The immediate roof in this panel is composed of a weak listric mudstone with a thickness of 0.2 m, separated from the overlying mudstones by a polished bedding plane. The interval to seam C2 is less than 3 m, the roof measures are predominantly of weak seatearth mudstone. The overhead mudstone layer has been well bedded with several bedding planes forming well-defined partings, which indicates more serious conditions for the next panels.

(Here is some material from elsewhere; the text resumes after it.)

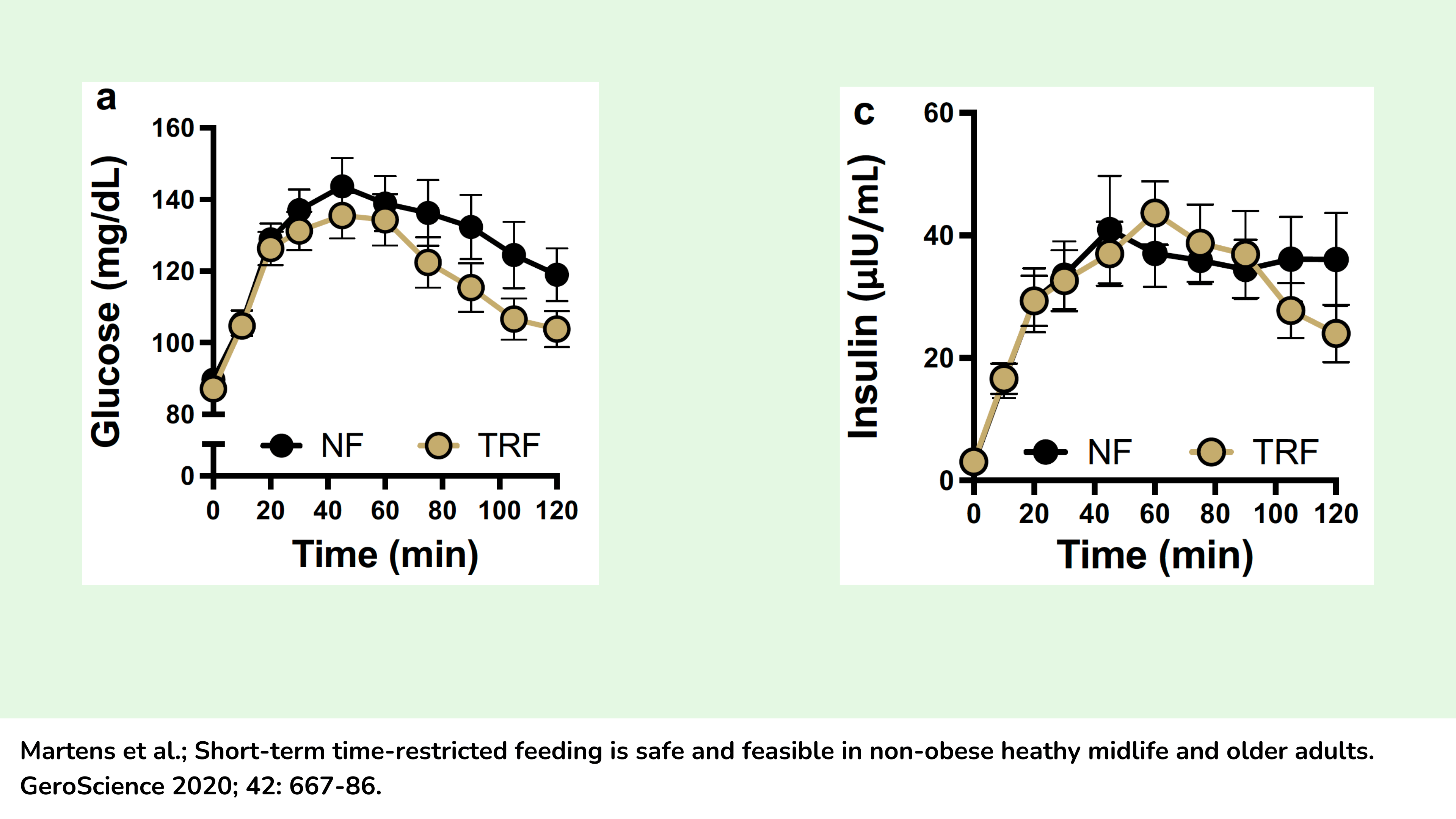 现在,更令人困惑的是,Martens 团队进行了另一项研究,其中六周的 8 小时 TRE 确实改善了葡萄糖耐受性。他们进行了 2 小时 OGTT,发现与正常喂养对照组相比,TRE 显著降低了葡萄糖曲线下面积(见下图)。同样,这与体重变化无关。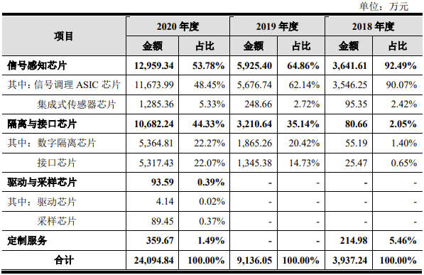 可以发现,纳芯微在不断的调整业务战略,发展新的市场增长点。纳芯微在招股书中写道,“2018年至今,公司隔离与接口芯片在信息通讯行业的增幅最大。在信号感知芯片方面,公司各类信号调理

In retreat longwall mining, the geological conditions and geomechanical information are confirmed during panel development. Introducing such information, the proposed model is practically functional in predicting unstable zones by identifying the ranges of \(d_{\max}\) changes. The risk of encountering catastrophic roof failure and unexpected disasters is therefore significantly reduced, although not entirely removed.

6 Conclusion

The phenomenon of roof displacement as an indicator for predicting unstable zones in longwall tailgates is identified through a TS fuzzy-based HiLoMoT method. The purpose is to predict the nonlinear relationship between geomechanical information and roof strata displacements. The displacements were monitored using dual height telltales, installed at specific distances in the under-question tailgate roadway at Tabas longwall mine. Due to the high-stress concentrations in longwall tailgates, timely prediction of any roof strata displacements is vital to safe and well-organized mining operations. Problematic tailgate instabilities in the Tabas coal mine are recognized as the serious concerns with adverse consequences, varying from production delays to catastrophic roof failures. The results were compared with those of ANFIS to examine the prediction capability of the proposed model. Performance evaluation of the three models of ANFIS, LoLiMoT, and HiLoMoT are fulfilled by calculating three indices of \(R^{2}\), VAF, and RMSE. Accordingly, the \(R^{2}\) measure resulted from training the HiLoMoT, LoLiMoT, and ANFIS models is, respectively, obtained as 0.976, 0.943, and 0.921 for the best structures corresponding to the best performance of the models. Introducing unseen data, the \(R^{2}\) resulted from testing the three models of HiLoMoT, LoLiMoT, and ANFIS is found to be 0.952, 0.939, and 0.873, respectively. The maximum value for VAF and minimum value for RMSE are also obtained for the proposed HiLoMoT model as 97.57 and 0.0050 for training, and 95.13 and 0.0193 for testing data. According to the results, the proposed HiLoMoT model can comparatively predict \(d_{\max}\) more accurate than the others, and its results are in agreement with the measured ones signified by a high goodness of fit. However, it is impossible to accurately predict any parameters related to rock structures due to inherent complexity and uncertainty associated with the geological conditions. Nonetheless, if the trends of the displacements are recorded, and their changes are related to the geomechanical information through an intelligent model, it is feasible to derive a reasonable judgment for stability prediction in similar conditions at the mine. This issue may also be used as a precise and timely predictor model, which will be updated by introducing the new historical data.